Generate data from different distributions via pmap()
Jenny Bryan 2018-05-08
runif()
Uniform[min, max] via CONSIDER:
runif(n, min = 0, max = 1)
Want to do this for several triples of (n, min, max).
Store each triple as a row in a data frame.
Now iterate over the rows.
library(tidyverse)
Notice how df’s variable names are same as runif’s argument names. Do this when you can!
df <- tribble(
~ n, ~ min, ~ max,
1L, 0, 1,
2L, 10, 100,
3L, 100, 1000
)
df
#> # A tibble: 3 x 3
#> n min max
#> <int> <dbl> <dbl>
#> 1 1 0 1
#> 2 2 10 100
#> 3 3 100 1000
Set seed to make this repeatedly random.
Practice on single rows.
set.seed(123)
(x <- df[1, ])
#> # A tibble: 1 x 3
#> n min max
#> <int> <dbl> <dbl>
#> 1 1 0 1
runif(n = x$n, min = x$min, max = x$max)
#> [1] 0.2875775
x <- df[2, ]
runif(n = x$n, min = x$min, max = x$max)
#> [1] 80.94746 46.80792
x <- df[3, ]
runif(n = x$n, min = x$min, max = x$max)
#> [1] 894.7157 946.4206 141.0008
Think out loud in pseudo-code.
## x <- df[i, ]
## runif(n = x$n, min = x$min, max = x$max)
## runif(n = df$n[i], min = df$min[i], max = df$max[i])
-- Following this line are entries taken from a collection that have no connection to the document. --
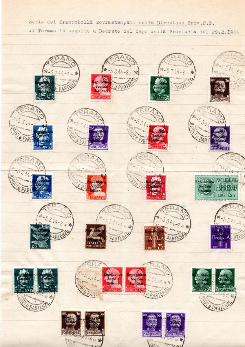 FRAGMENT - Teramo - Briefmarken Italiens aufgedruckt Nr. 1/16 die komplette Serie auf Blatt Papier gestempelt mit Originalstempel Teramo 5.3.44 + die ersten fünf Werte der Serie in waagerechten Paaren (nicht gezählt) - ein Exemplar (Nr. 13) defekt, nicht gezählt - Kat. euro 1.330 Cod.390/182
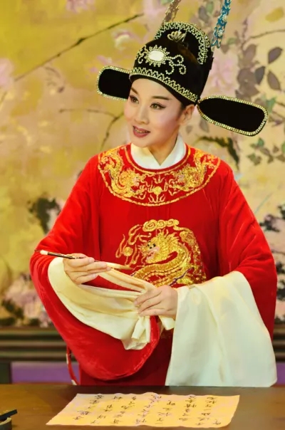 提到黃梅戲,經(jīng)典名劇《女駙馬》是不可不提的重要作品。這部劇是黃梅戲最為著名的代表之一,塑造劇中“馮素珍”這個角色,需要表演者具備極強的專業(yè)功底與豐富的表演經(jīng)驗。尤其是女扮男裝中狀元的這一場戲,演員要時刻注意心境的轉(zhuǎn)換,旦行與生行的靈活切換,采用戲曲程式化的動作把人物內(nèi)心戲進行外化表現(xiàn),讓觀眾跟隨演員的情緒而動。
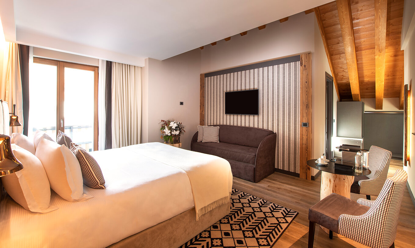 With spacious rooms and suites that maximize natural light, feature fine materials such as wood and stone, and offer breathtaking views of the Alps, Le Massif is the ideal starting point for exploring the highest peak in the Alps. The hotel features a mountain spa with indoor and outdoor water circuits, a fitness center, restaurants, and direct access to the best skiing experiences in Italy. Perfect for those seeking a hotel in the Italian Alps in Courmayeur for skiing, outdoor adventure, or relaxation at high altitude, with the authentic charm of Alpine tradition and the comfort of a luxury hotel.
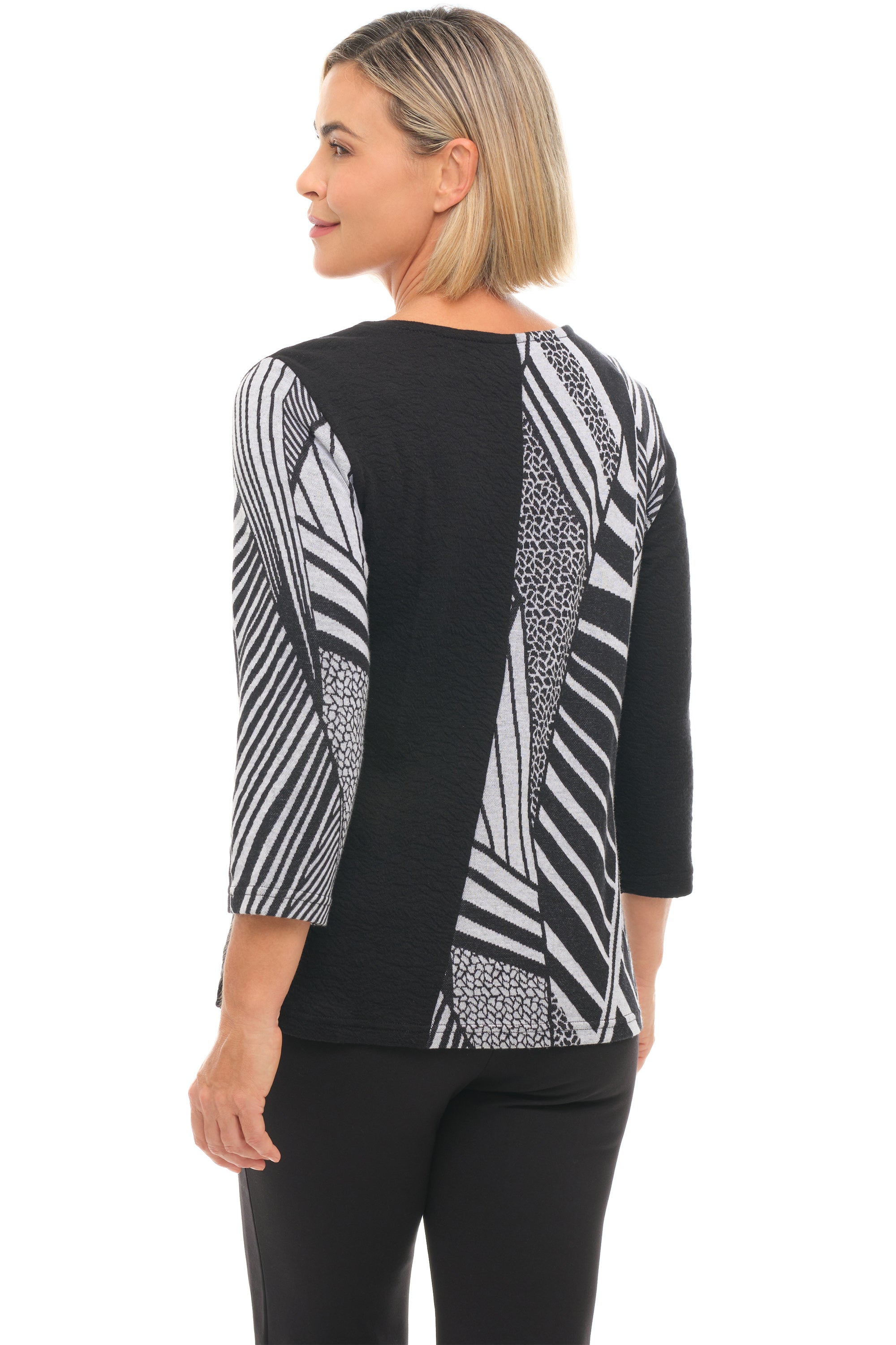 Striking in black and white, this soft and stretchy cotton-blend jersey top pairs an abstract print with solid contrast. The wrap-inspired pullover design features an off-center seam accented by a single decorative button. A V-neckline and ¾ sleeves create a flattering look, while the gently rounded split-front hem falls at the hip. Versatile and easy to dress up, it adds modern detail to any wardrobe.
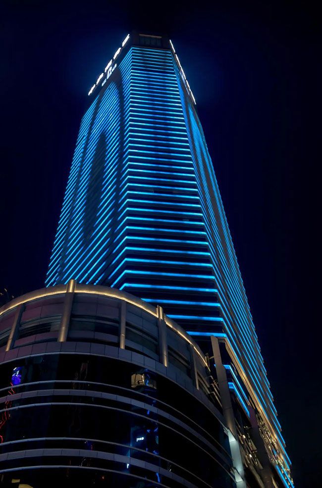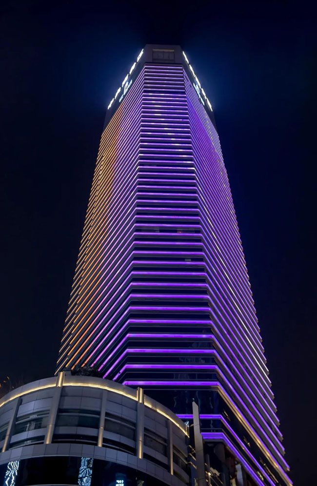 According to the shape of the building, RGBW 4-in-1 contour lights and wall washer lights are used to outline the building, avoiding light pollution of high-rise buildings and achieving visual enjoyment through rigorous control of color temperature and brightness.
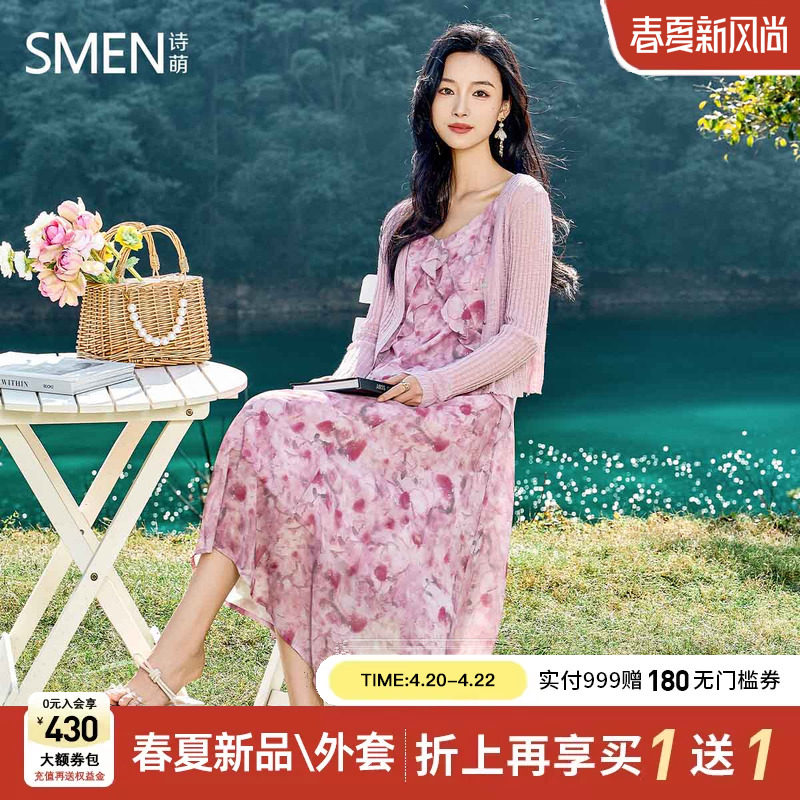 Smen诗萌粉色吊带裙碎花连衣裙针织开衫两件套2026夏季新款法式
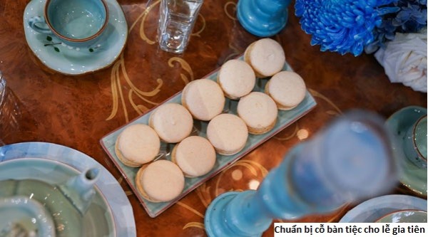 Bàn tiệc được trang trí theo tiêu chuẩn sang trọng và tinh tế. Bàn ăn gia tiên và cả gia đình nên thống nhất theo một gam màu chủ đạo cụ thể, có tính liên kết với nhau và tạo nên một không gian thẩm mỹ, mang lại cảm giác thoải mái cho mọi người khi đứng trong căn phòng gia tiên. Bàn tiệc gia tiên còn có vai trò làm nổi bật trang phục của cô dâu chú rể, tạo khung cảnh tươi tắn, lãng mạn như khăn trải bàn, hình ảnh đôi trẻ trên bàn, hoa tươi. Ngoài việc tạo không gian ấn tượng, là một không gian đẹp địa điểm chụp ảnh hoành tráng để đôi tân lang tân nương cùng hai bên gia đình ghi lại khoảnh khắc và lưu lại những kỷ niệm trong ngày vui của mình.
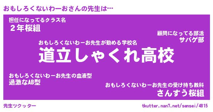 | 胡散臭い通販商品みたいなあだ名 | 『モテモテ間違いなし霊験あらたかなお札…その名も「おもしろくないわーお」』 |
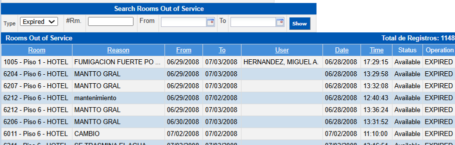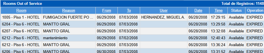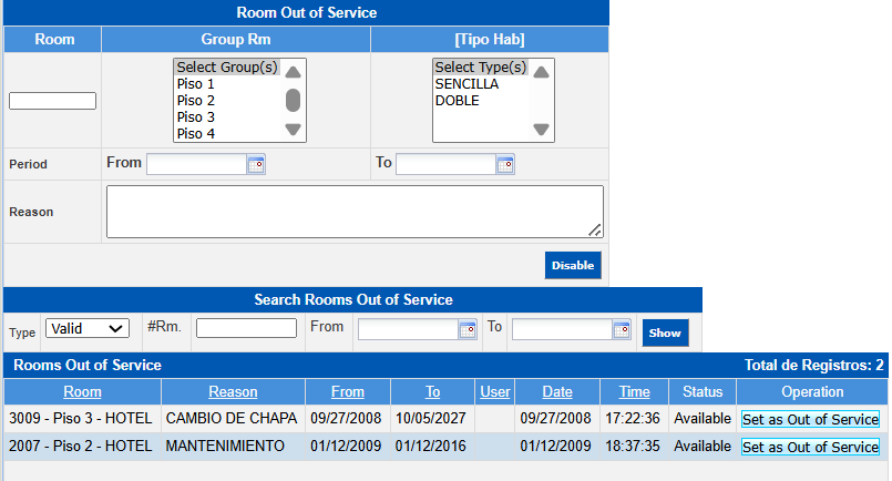 Rooms that are out of service will not be available for operation and therefore will not be available for booking or check-in at the front desk.
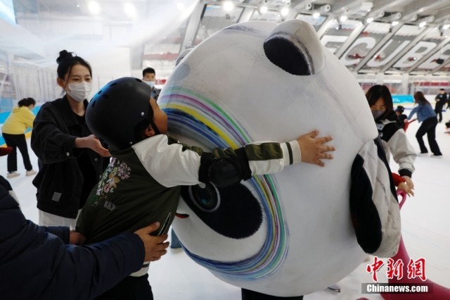 4月2日,是第16个世界孤独症日。国家游泳中心(水立方/冰立方)第十三次为“星星的孩子”点亮蓝灯。图为“星星的孩子”与冰墩墩人偶互动。
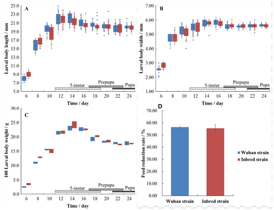 The growth parameters of the two BSFL strains are shown in Figure 5. The growth parameters of the inbred strain are not significantly different from those of the Wuhan strain. The body length, width, and weight of both strains increased rapidly from the 6th day to the 12th day but decreased slightly after the 14th day. They reached maximum values (22.0 ± 1.2 mm × 5.76 ± 0.22 mm, 23.1 ± 0.61 g/100 larvae for the Wuhan strain; 21.4 ± 1.0 mm × 5.78 ± 0.21 mm, 24.6 ± 1.08 g/100 larvae for the inbred strain; 14th day) when BSFL grew to the 5th instar stage and decreased in the prepupa and the pupa stages. Overall, their size and weight followed the order: 5th instar > prepupa (6th instar) > pupa. The feed reduction rates of the Wuhan (56.4 ± 0.9%) and inbred (55.5 ± 3.2%) strain are not significantly different.
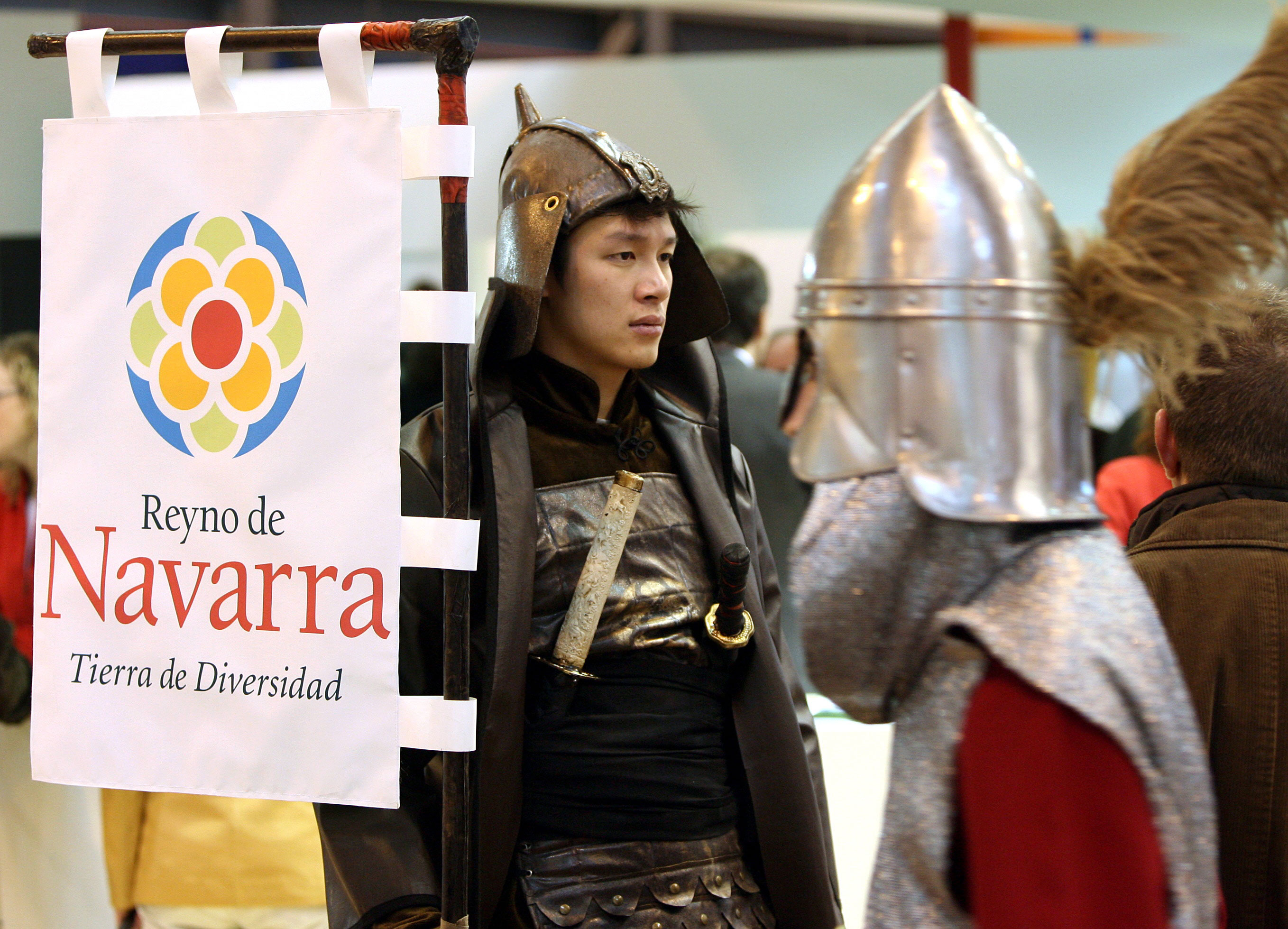 Actores ataviados de guerreros, durante el acto del stand de Navarra en Fitur.(ampliar imagen)
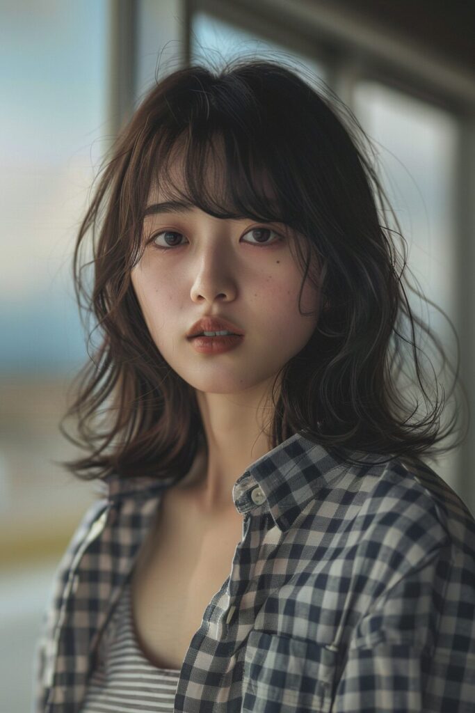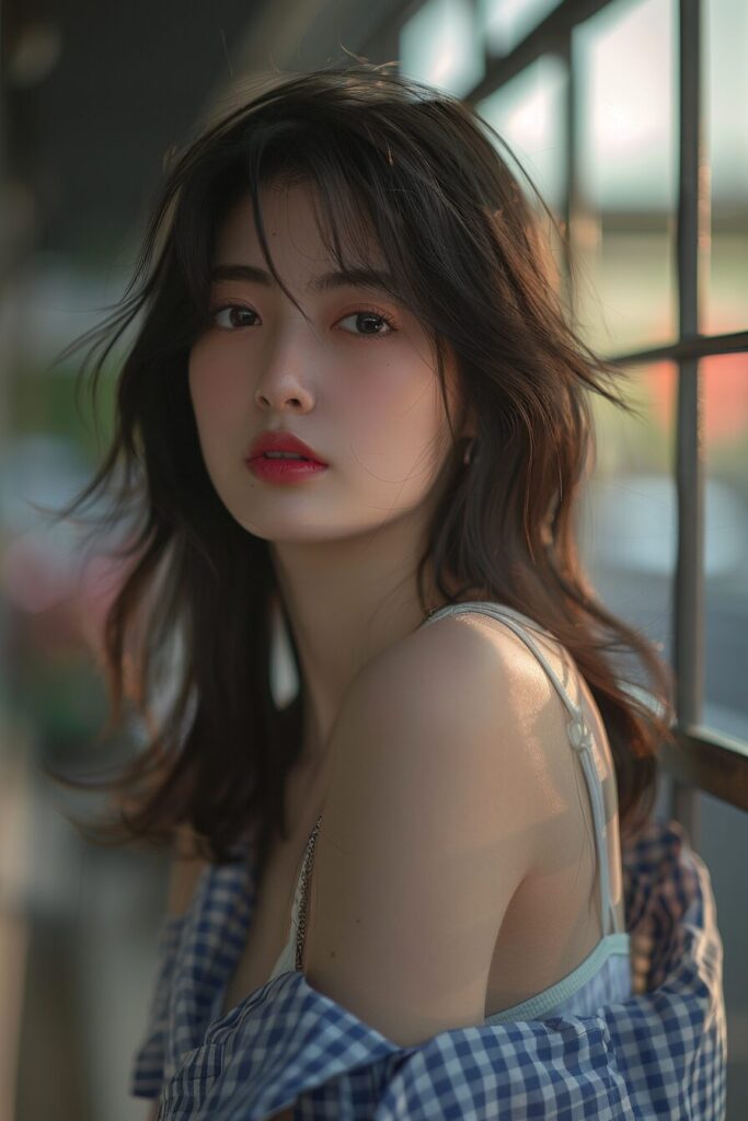 22-year-old Japanese beauty, (wide shot: 1.8), (beautiful:1.8), (Japanese: 1.4), (ultra detailed:2.0), (Cinematic fade: 1.1), (the whole body: 2.0), (bestquality,4k,8k,highres,masterpiece:1.2),ultra-detailed,(realistic,photorealistic,photo-realistic:1.37),selfie,(upper body),beautiful Japanese woman,wearing a checkered button-up shirt over a tank top,sad expression,talk room,early summer,cloudy sky,bokeh background, --ar 2:3
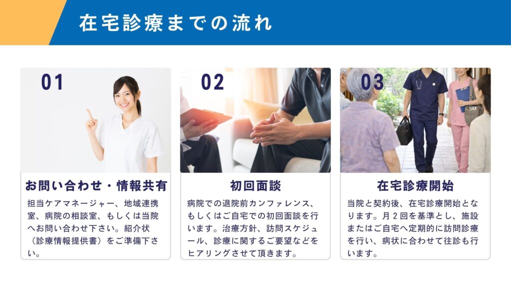 医師が定期的にご自宅にお伺いして診察しますので、通院は不要になります(続けることも可能です)。
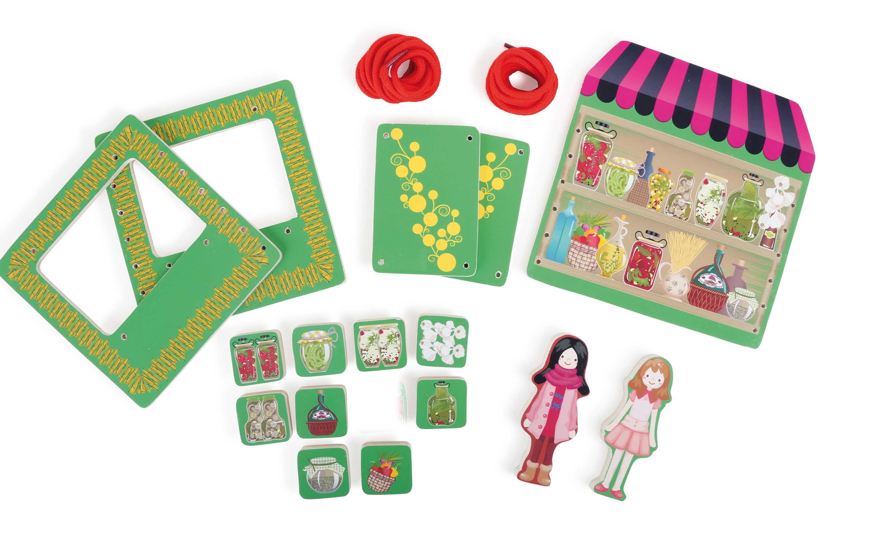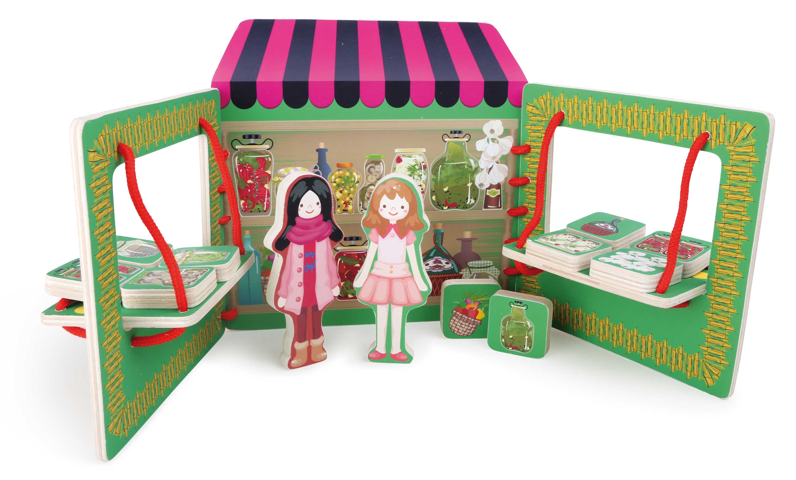 Geschäftiges Treiben am Gemüsestand. Hier verkaufen zwei Standfrauen ihr leckeres, gesundes Gemüse und eingelegte Delikatessen. Der tolle Gemüsestand lässt sich mit den Stützen aufstellen und hat sogar eine kleine Auslage, die mit den mitgelieferten, roten Schnürbändern befestigt wird. So kann das Gemüse geschmackvoll drapiert werden und wenn alles verkauft ist, wird die Klappe einfach geschlossen!
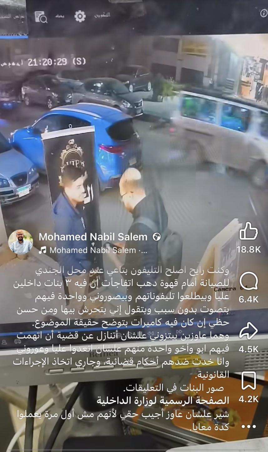 وقال الشاب عبر حسابه على فيسبوك إنه أثناء عودته من عمله وتوجهه إلى محل لصيانة الهاتف المحمول، فوجئ بثلاث فتيات يقمن بتصويره، بينما بدأت إحداهن في الصراخ واتهامه بالتحرش دون مبرر، على حد قوله.
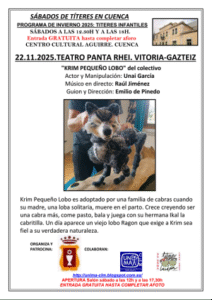 Los Sábados de Títeres llegan al Aguirre con “Krim Pequeño Lobo”, teatro infantil gratuito el 22 de noviembre en Cuenca. Funciones a las 12:30 y 18:00.

## runif with all args from the i-th row of df
Just. Do. It. with pmap()
.
set.seed(123)
pmap(df, runif)
#> [[1]]
#> [1] 0.2875775
#>
#> [[2]]
#> [1] 80.94746 46.80792
#>
#> [[3]]
#> [1] 894.7157 946.4206 141.0008
Finessing variable and argument names
Q: What if you can’t arrange it so that variable names and arg names are same?
foofy <- tibble(
alpha = 1:3, ## was: n
beta = c(0, 10, 100), ## was: min
gamma = c(1, 100, 1000) ## was: max
)
foofy
#> # A tibble: 3 x 3
#> alpha beta gamma
#> <int> <dbl> <dbl>
#> 1 1 0 1
#> 2 2 10 100
#> 3 3 100 1000
A: Rename the variables on-the-fly, on the way in.
set.seed(123)
foofy %>%
rename(n = alpha, min = beta, max = gamma) %>%
pmap(runif)
#> [[1]]
#> [1] 0.2875775
#>
#> [[2]]
#> [1] 80.94746 46.80792
#>
#> [[3]]
#> [1] 894.7157 946.4206 141.0008
A: Write a wrapper around runif()
to say how df vars <–> runif args.
## wrapper option #1:
## ARGNAME = l$VARNAME
my_runif <- function(...) {
l <- list(...)
runif(n = l$alpha, min = l$beta, max = l$gamma)
}
set.seed(123)
pmap(foofy, my_runif)
#> [[1]]
#> [1] 0.2875775
#>
#> [[2]]
#> [1] 80.94746 46.80792
#>
#> [[3]]
#> [1] 894.7157 946.4206 141.0008
## wrapper option #2:
my_runif <- function(alpha, beta, gamma, ...) {
runif(n = alpha, min = beta, max = gamma)
}
set.seed(123)
pmap(foofy, my_runif)
#> [[1]]
#> [1] 0.2875775
#>
#> [[2]]
#> [1] 80.94746 46.80792
#>
#> [[3]]
#> [1] 894.7157 946.4206 141.0008
You can use ..i
to refer to input by position.
set.seed(123)
pmap(foofy, ~ runif(n = ..1, min = ..2, max = ..3))
#> [[1]]
#> [1] 0.2875775
#>
#> [[2]]
#> [1] 80.94746 46.80792
#>
#> [[3]]
#> [1] 894.7157 946.4206 141.0008
Use this with extreme caution. Easy to shoot yourself in the foot.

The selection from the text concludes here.